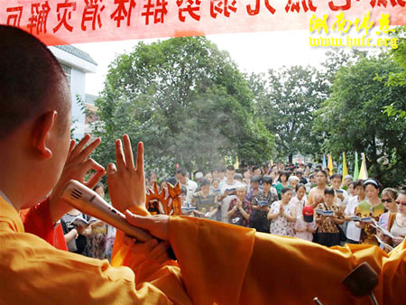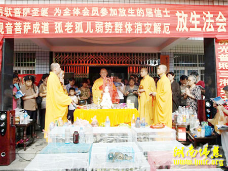 2008年7月23日上午,湖南省佛慈基金会为纪念韦驮菩萨圣诞、观世音菩萨成道,在办公楼前为全体会员、参加放生的居信士、孤老孤儿、弱势群体举行了消灾解厄放生法会,近一千人参加此次法会。
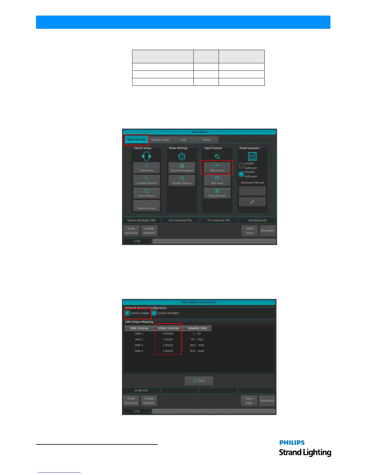Figure 244: Setup Menu - Show Settings / DMX Output
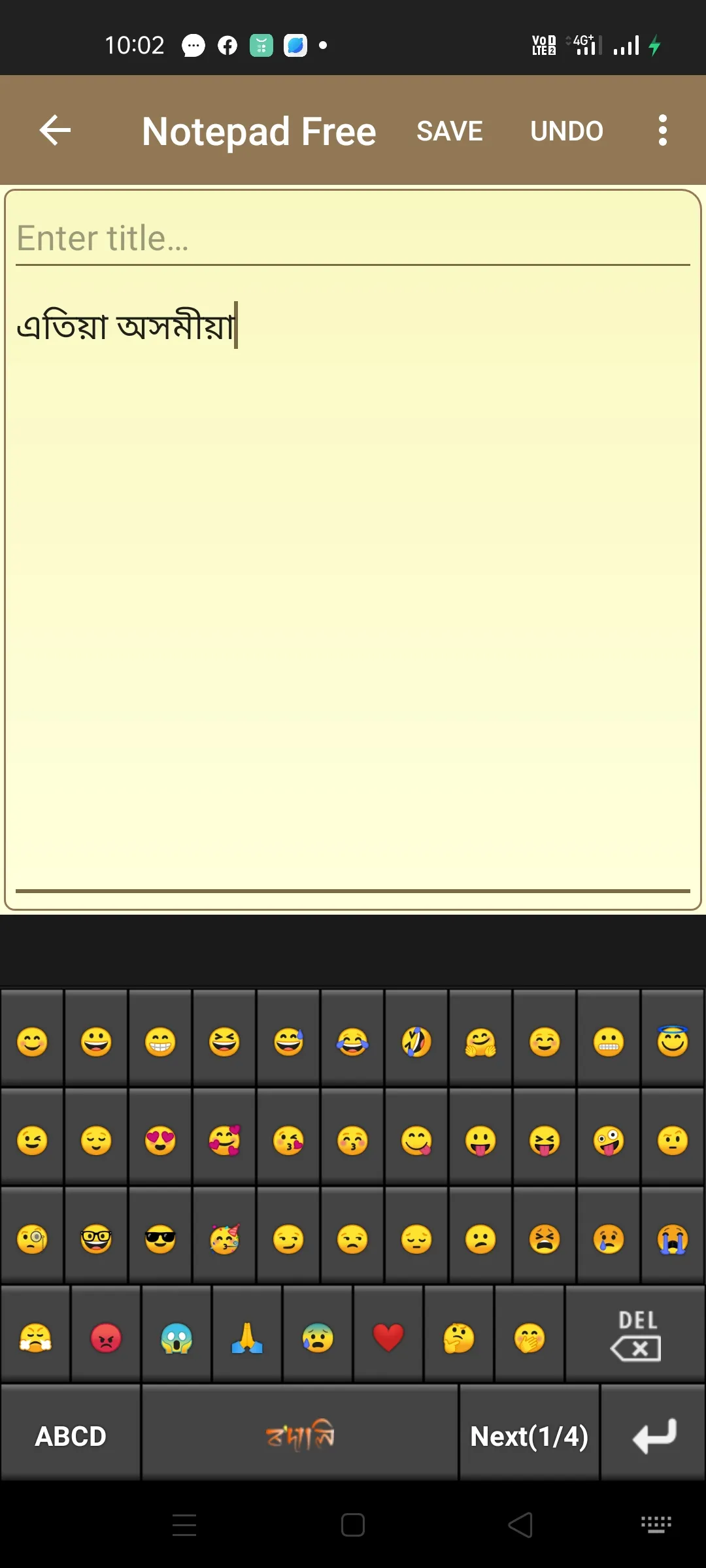 Rodali Assamese Keyboard is an application through which you can easily write messages, update on social networking sites or compose emails in ASSAMESE on your Android phone or tablet. It mainly contains two typing methods(layouts).One is "Simple", where the Assamese letters are displayed on the keyboard and you have to just tap the letters to write. There will be automatic suggestion for valid conjunct characters (Juktaxars) with each letter. Another method is "Phonetic" where you can type Assamese words using English characters and it transliterates the text into Assamese on the fly. In each method, you can type in English by switching the "As" mode to "En" . In phonetic layout, the App also provides auto-suggestion for some commonly misspelled Assamese words while typing. You can also add your own words for auto-suggestion or delete any unwanted word from the suggestion list. You can also take backup of the words that you added to the dictionary and retrieve them at the time of retrieving the app. KEY FEATURES: ★ Totally FREE ★ Directly write Assamese on any editor or application without the hassle of copying and pasting text. ★ Contains three layouts- Simple, Phonetic and Old....
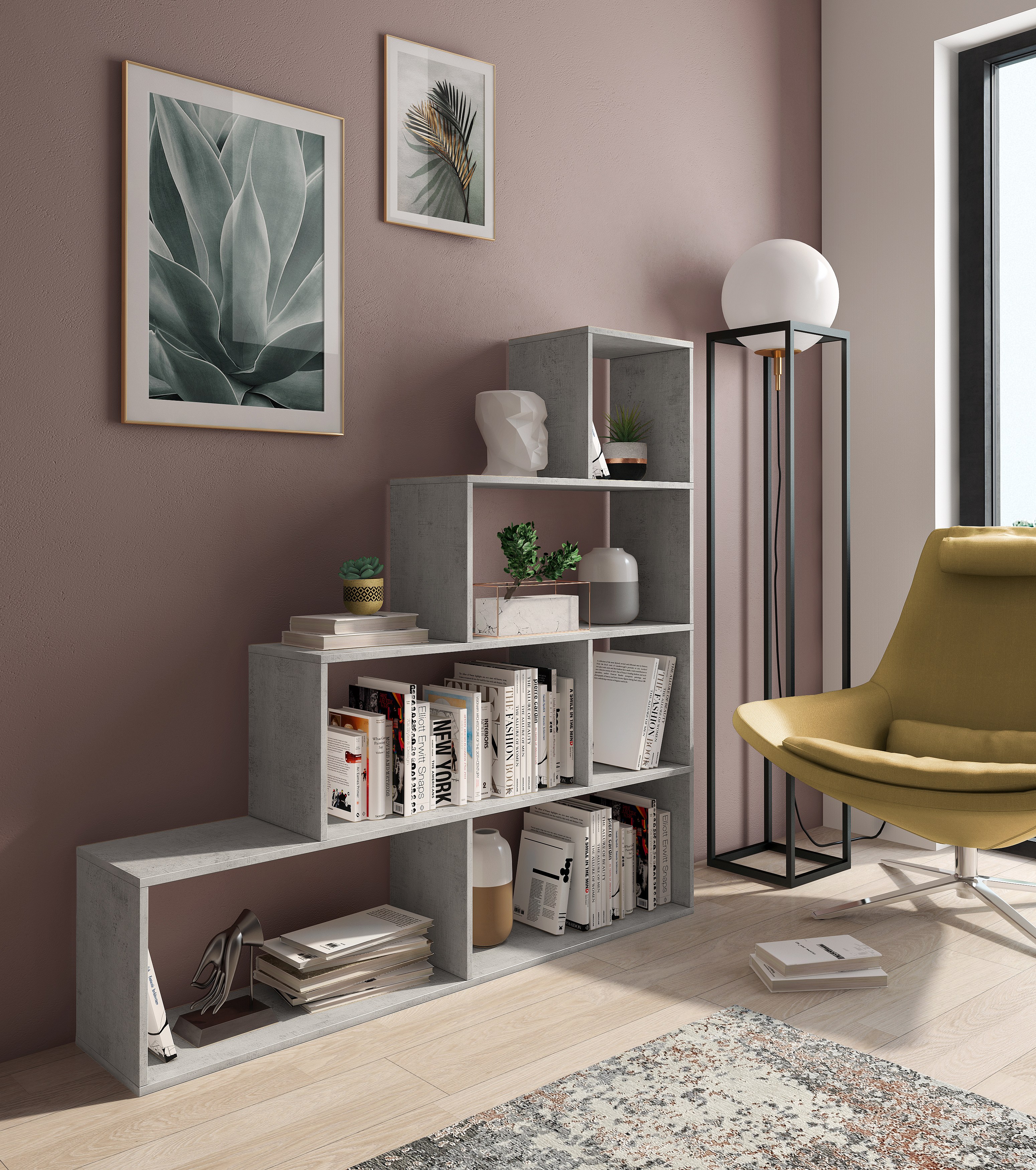 Libreria Friburgo Design Scaffale Mensola Moderna Grigio Cemento Mobile per Libri con Ripiani per Soggiorno Salotto 110 x 97 x 25 cm (Colore Grigio Cemento)

● About this exercise: Leave the pictures out and reproduce exactly the lines from the top of the listing above through the line with "Figure 244: Setup".

● Reply:
 2008年7月23日上午,湖南省佛慈基金会为纪念韦驮菩萨圣诞、观世音菩萨成道,在办公楼前为全体会员、参加放生的居信士、孤老孤儿、弱势群体举行了消灾解厄放生法会,近一千人参加此次法会。
Figure 244: Setup Menu - Show Settings / DMX Output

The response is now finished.